- Born: George Balfour Traill 20 June 1833 Lewisham, Kent, England
- Died: 20 November 1913 (aged 80) Battersea, London, England
- Relations: James Traill (brother) William Traill (brother) William Hartopp (brother-in-law)

Cricket information
- Batting: Unknown

Domestic team information
- 1864: Marylebone Cricket Club

Career statistics
| Competition | First-class |
| Matches | 1 |
| Runs scored | 5 |
| Batting average | 5.00 |
| 100s/50s | –/– |
| Top score | 4 |
| Catches/stumpings | –/– |
- Source: Cricinfo, 19 October 2021

= George Traill (British Army officer) =

English cricketer and British Army officer

George Balfour Traill (20 June 1833 — 20 November 1913) was a British Indian Army and British Army officer and an English first-class cricketer.

==Life==
The son of James Traill senior (1794–1873), a Metropolitan police magistrate, and his wife Caroline Whateley, he was the younger brother of James Christie Traill, born in June 1833 at Lewisham. He was commissioned into the British Indian Army as a cornet in December 1852. He served during the Indian Rebellion of 1857 and was present at the Siege of Delhi, the Battle of Agra and the Siege of Lucknow. He was promoted to lieutenant during the rebellion in July 1857, with promotion to second captain following in October 1861, with Traill having transferred from the Bengal Artillery to the Royal Artillery.

As his military career progressed, Traill gained the rank of captain in December 1869, before being promoted to major in July 1874. A further promotion to lieutenant colonel followed, with Traill being appointed to the Staff as an Assistant Adjutant and Quartermaster-General in Ireland in April 1882. He was promoted to colonel in December of that year, before retiring in December 1887 and being granted the honorary rank of major-general.
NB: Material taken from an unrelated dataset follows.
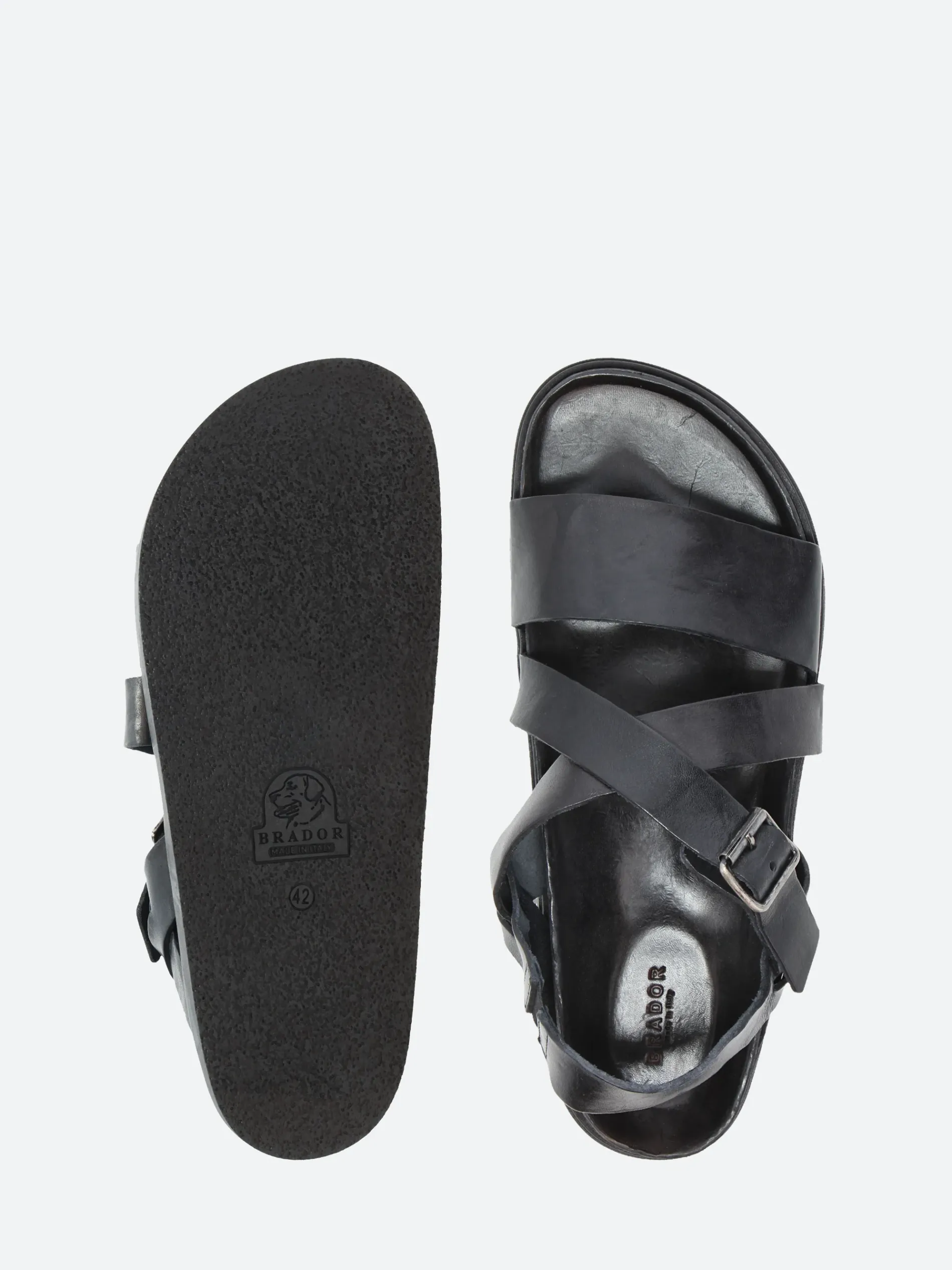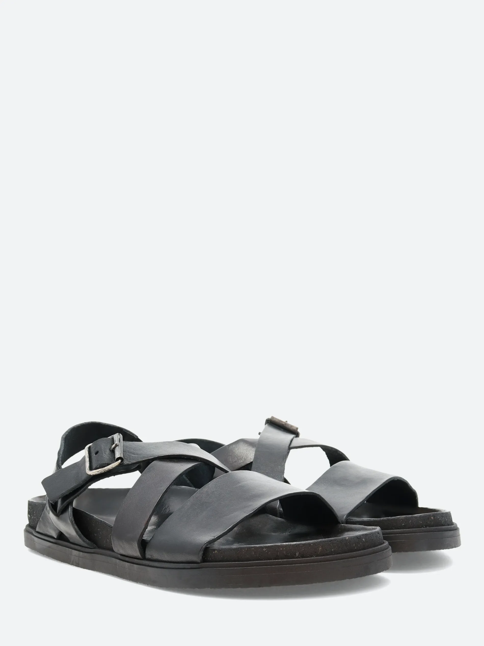 gravitypope Olegar with crisscrossing vamp straps in smooth leather. A contoured footbed provides support and flexibility.
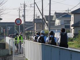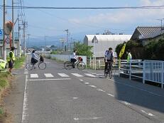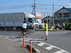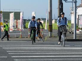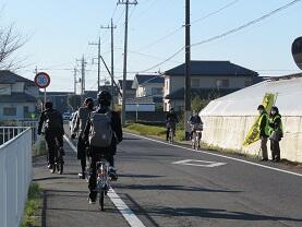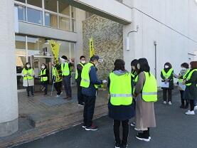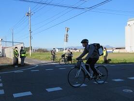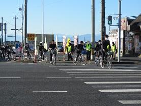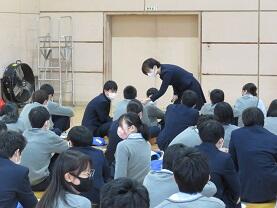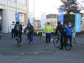 1月14日の登校時間に、県道路課と前橋東警察署の方が来校し、自転車ヘルメット着用の啓発を目的とした朝指導が行われました。

On occasion of the 50th anniversary of the Indian Rebellion, Traill was made a Member of the Order of the Bath in the 1907 Birthday Honours. He died at Battersea Park in November 1913.

==Cricketer==
Traill played first-class cricket for the Marylebone Cricket Club (MCC) against Middlesex at Islington in 1864. Batting twice in the match, he was ended the MCC's first innings not out on 1, while in their second innings he opened the batting and was dismissed for 4 runs by V. E. Walker.

His brothers James and William both played first-class cricket.

==Family==
Traill married in 1876 Juliana Evans, 4th daughter of Edward Bourchier Hartopp, as her second husband. She had previously been married to Charles Shuttleworth Holden of Aston Hall, Derbyshire, who died in 1872. Edward Charles Shuttleworth Holden (1865–1916) was her son by the first marriage.